# Had one on...



## kayak1979 (Jul 13, 2014)

I fished the pier at Fairport Harbor from 10:30am to 7:30pm, and I mean I fished it constant. This is what happened. I also caught a catfish which was landed and given to the one comrade on the pier. I am pretty certain I am going to just kayak fish from now on. I hate pier fishing. You're so limited to one spot. I also saw two others landed and another one that got off. I was using jig & maggot. Another was landed with jig and maggot and the other was little cleo blue and silver.


----------



## ztkaz (Sep 25, 2013)

I love that sound of the drag peeling off. Next time you take your kayak out, give me a PM I've been meaning to head up to fairport and troll, it'd be nice to have someone else around for safety & chatte!


----------



## ldrjay (Apr 2, 2009)

Oh man! To bad that one got off. Im gonna take the yak to st Claire this weekend and poke around the deep areas. See whats around.


----------



## dlancy (Feb 14, 2008)

I think we all know that feeling of loosing one after hours if fishing! Thanks for the report and video.

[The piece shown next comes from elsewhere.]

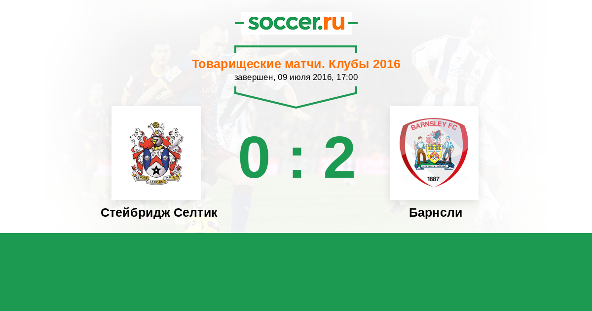 Стейбридж Селтик - Барнсли: обзор матча 9 июля 2016
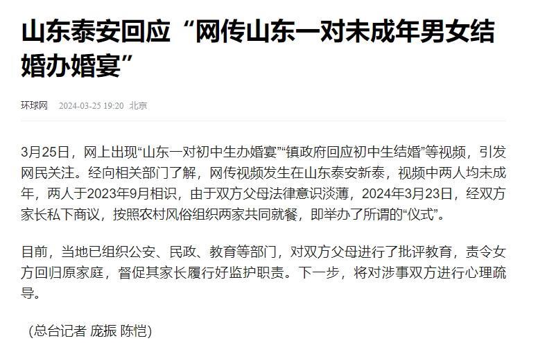 太荒唐了!山东泰安,一初二男生结识了同样十几岁的女生,两人交往几个月后,就约双方父母见了面。让人想不到的是,父母非但没有劝阻,反倒按当地习俗为两人举办了婚礼。相关部门介入调查:两人均未成年,已让女孩回家。 你能想象吗?在山东泰安这样一个地方,一个刚上初二的男生和一个十几岁的女生,短短几个月就走到举办婚礼的地步,父母不但不拦着,还顺水推舟按老习俗办了事。这事听起来像闹剧,可它真真切切发生了,相关部门一查,两人年纪小得还没成年,结局会怎样呢? 这事儿得从当事人说起。男孩住在山东泰安新泰市的一个农村村子,那地方偏僻,周围全是田地和低矮的农家院。他上初中二年级,年纪大概十四岁,身材瘦弱,平时背着书包上学,放学后骑旧自行车回家,偶尔在村口小卖部买点零食,或者刷刷手机看视频。家里条件一般,三间平房,父母靠种地过日子,父亲早出晚归扛锄头下田,母亲在家做饭洗衣,他们文化不高,小学水平,对法律啥的不太懂,管孩子也松散,只管吃饱穿暖,不怎么问学习的事。 女孩住在附近另一个村,离男孩家不远,也就两公里路。她年纪比男孩小点,十三四岁,个头娇小,日常帮父母干家务,早起扫院子,下午有时去镇上买东西,骑电动三轮车载菜。父母也是农民,父亲开拖拉机运东西,母亲在田里拔草,他们对女孩管得不严,只让她按时吃饭睡觉,没太多教育方面的要求。男孩父母一家人挤在简陋屋里,墙壁旧旧的,雨天还漏水,父亲五十多岁,皮肤黑黑的,手上全是老茧,晚上抽烟坐门槛。母亲忙家务,用柴火灶煮饭。 他们习惯听村里老人的规矩,对外面变化不敏感,不看报纸不听新闻。女孩父母家境也穷,靠种小麦大豆维持,父亲借邻居农具干活,母亲闲时编草席卖钱。他们对孩子未来没啥规划,就想着早点帮家里干活,不考虑法律或义务教育的事。这些家庭都嵌在农村日常里,日子过得重复单调,直到男孩女孩相遇才起变化。男孩周末有时去河边钓鱼,女孩节假日随母亲赶集,这样的生活给他们留了自由空间,父母忙生计,没时间监督,导致孩子们接触机会多。 男孩和女孩在2023年9月相遇,那是个秋天,两人通过村口小路碰上,男孩从学校骑车回家,女孩从田间走来,两人简单聊了几句,从此开始联系。几天后在镇上超市外又见面,男孩买了饮料给女孩,两人交换联系方式。接下来的几个月,他们每天用手机发消息,男孩放学后发课堂笔记,女孩在灶台旁回复。一次周末去村外小溪边玩,另一个傍晚在田埂散步,两人关系拉近。 几个月后,男孩提让父母见面,女孩同意。2024年3月初,两家父母在男孩家聚齐,桌上摆茶和菜,男孩父母斟茶,女孩父母带腌菜,大家商谈后决定按村俗办事。3月23日办仪式,村里院坝支桌,邻居来贺,男孩穿借来西装,女孩裹红头巾,父母交换礼品,男孩给女孩套环,宾客鼓掌,整个过程简单喧闹。父母们就这样把事定了,没想过法律问题。 视频在3月25日传到网上后,镇政府马上派人查,工作人员去男孩家谈话,指出违法,父母低头听。公安、民政、教育部门记录笔录,解释法规,强调义务教育。女孩被护送回家,母亲接她进去。男孩继续上学,父母接受批评后出门干活。专业人员安排心理指导,男孩女孩分别在办公室画图跟随指令,分次进行。女孩留在家由父母监督,男孩专注课业,两人分开回归原生活,村里平静下来。 这事儿说白了,就是农村一些地方习俗和法律脱节闹出来的。男孩女孩年纪小,本该在学校学知识,接触世界,可父母一脑热就办了婚礼,这不光违法,还耽误孩子前途。法律上,结婚年龄男22女20,两人远没到,婚姻无效。义务教育阶段,父母没尽监护责,让孩子早早辍学或分心,这属于违法。父母法律意识弱,盲从风俗,不负责任,对孩子未来没考虑周全。 社会上类似事不时有,反映出农村教育和普法不足。相关部门介入及时,批评教育,责令回归家庭,进行心理疏导,这步走对,避免更大问题。长远看,得加强基层普法,让父母懂法守法,别让习俗害了下一代。孩子身心不成熟,婚姻责任重,他们扛不起,早婚早育往往带来贫困循环。数据显示,早婚家庭离婚率高,孩子教育差,影响社会稳定。父母该多学点法律知识,别一味宠孩子或随大流。事件曝光后,网上议论多,提醒大家重视未成年保护。 女孩回家后,父母监督起居,男孩上学不闲逛,这算及时纠错。可惜父母没早醒悟,导致孩子经历这番折腾。心理疏导重要,帮助孩子调整心态,别留阴影。整个过程,官方处理稳当,没拖泥带水。相比其他地方隐瞒,这儿公开回应,好评。农村风俗有根深,但得与时俱进,不能违法。男孩女孩未来还长,希望他们吸取教训,好好学习。父母也该反省,别再犯傻。社会需要更多这样的案例教育大家,提高警惕。 这事儿闹得沸沸扬扬,你觉得父母错在哪儿?孩子该怎么面对未来?欢迎留言分享看法,一起讨论未成年保护。

Posted using Outdoor Hub Campfire


----------



## MadMax1 (Aug 27, 2012)

Nice! Thanks for report! how far down did you have the jig set from the float?


Posted using Outdoor Hub Campfire


----------



## kayak1979 (Jul 13, 2014)

I had the jig 3 feet below the float. I was using a black jig that has a little red in the tail as well.


----------



## PatrickS (May 14, 2014)

9 hours of fishing for a few seconds of fight from a steelhead. I call that totally worth it and I am jealous! I hope the weather holds this weekend and I can get out for a few hours myself. Thanks for the report!


----------



## creekcrawler (Oct 5, 2004)

Use two rods.
One with jig-n-maggot, throw spoons with the other.


----------



## kayak1979 (Jul 13, 2014)

creekcrawler said:


> Use two rods.
> One with jig-n-maggot, throw spoons with the other.


Yep that's what I was doing all day yesterday. Spoon and jig n maggot. I was reeling in the spoon when I saw my float go under and had enough time to reach for it and grab it off the pier.


----------



## ldrjay (Apr 2, 2009)

kayak1979 said:


> Yep that's what I was doing all day yesterday. Spoon and jig n maggot. I was reeling in the spoon when I saw my float go under and had enough time to reach for it and grab it off the pier.


Next time we meet up ill show you how I rig my jigs it seems to work well. Ive lost one fish in the past 4 years this way. That fish broke the leader after I had caught 20+ fish on it. I knew i should have swapped leaders at that point.


----------



## kayak1979 (Jul 13, 2014)

Do you use fluorocarbon for a tippet?


----------



## ldrjay (Apr 2, 2009)

Yep fluro leader. I have a trick on the jig that works great. And I dont set the hook. I just reel.


----------



## bighomied (Dec 17, 2008)

ldrjay said:


> Yep fluro leader. I have a trick on the jig that works great. And I dont set the hook. I just reel.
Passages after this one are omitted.